An Imitation "Melo Pearl"

Nick Sturman, Pantaree Lomthong & Artitaya Homkrajae, GIA Laboratory, Bangkok

January 21, 2011

Figure: 1 - The 52.49 carat "pearl" as submitted by the client. Note the grooved area towards the top. The banding that meets this feature forms a herring-bone pattern. Photograph: Adirote Sripradist.
Figure: 1 - The 52.49 carat "pearl" as submitted by the client. Note the grooved area towards the top. The banding that meets this feature forms a herring-bone pattern. Photograph: Adirote Sripradist.

Every now and then a client will submit a “pearl” for identification that they have been told, or believe, is from a particular mollusk.
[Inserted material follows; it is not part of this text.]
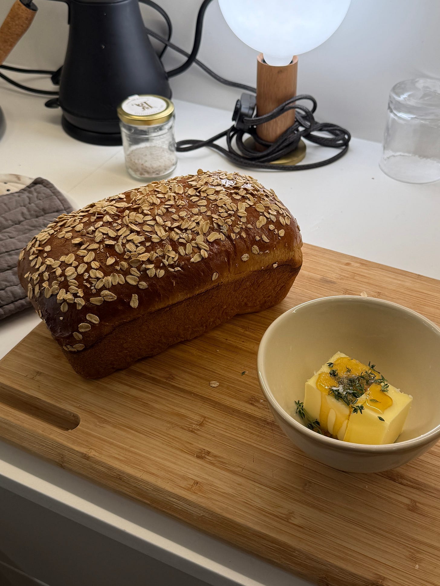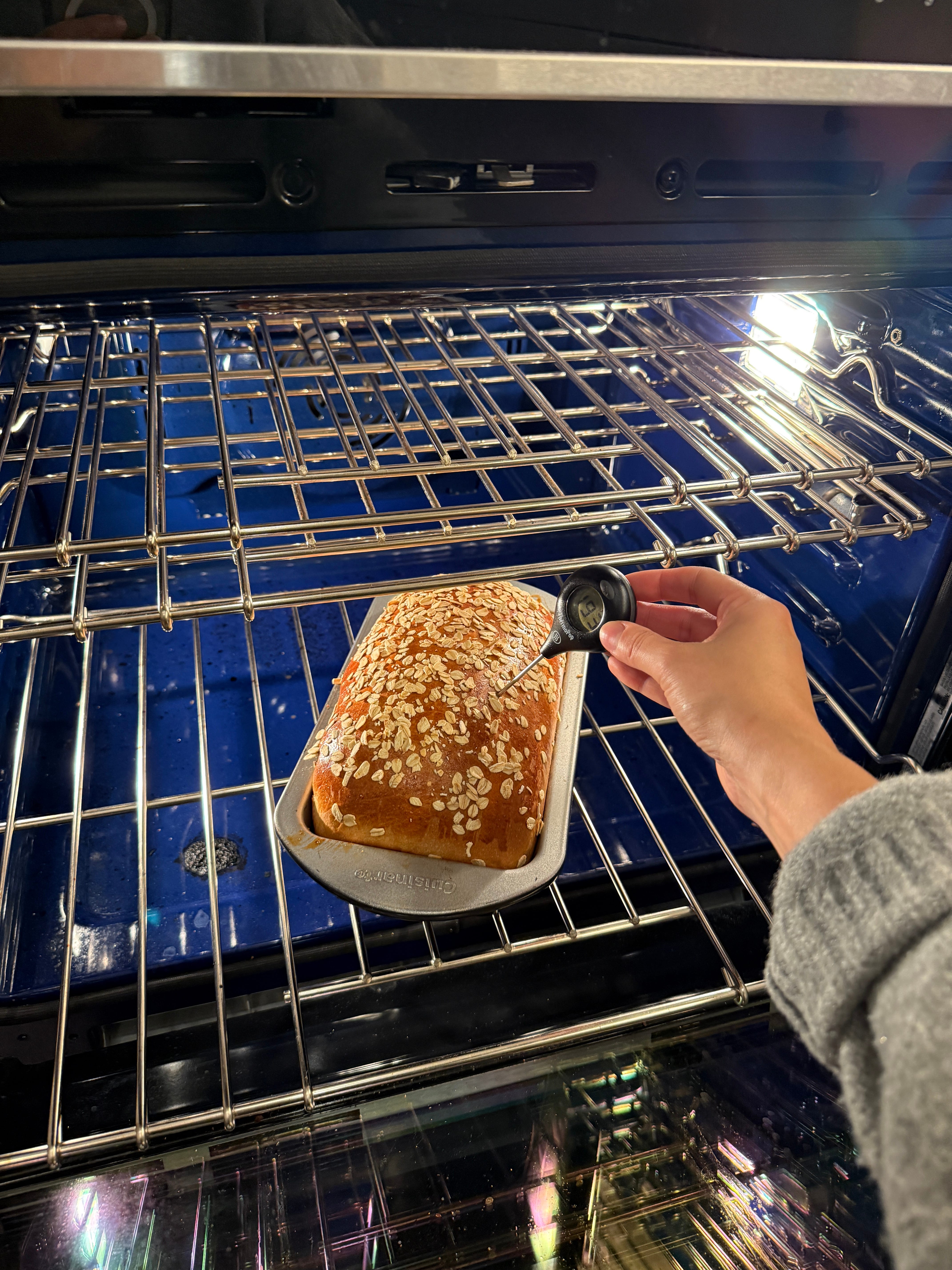 If I could go back and fix this in the written recipe, I would, but instead of brushing the loaf with milk before topping it with oats, brush it with egg wash instead of milk. While the milk still gives it a nice finish, it doesn’t stick to the oats as well.

Such was the case with the 52.49 carat near-round “pearl” measuring 19.62 x 19.21 x 19.16 mm, in figure 1 that was recently submitted as a Melo “pearl”. Whilst not an obvious pearl from its external appearance it certainly could pass as one, so more detailed examination, and therefore a report, was certainly warranted, and it was understandable why the client wanted to be certain of the result.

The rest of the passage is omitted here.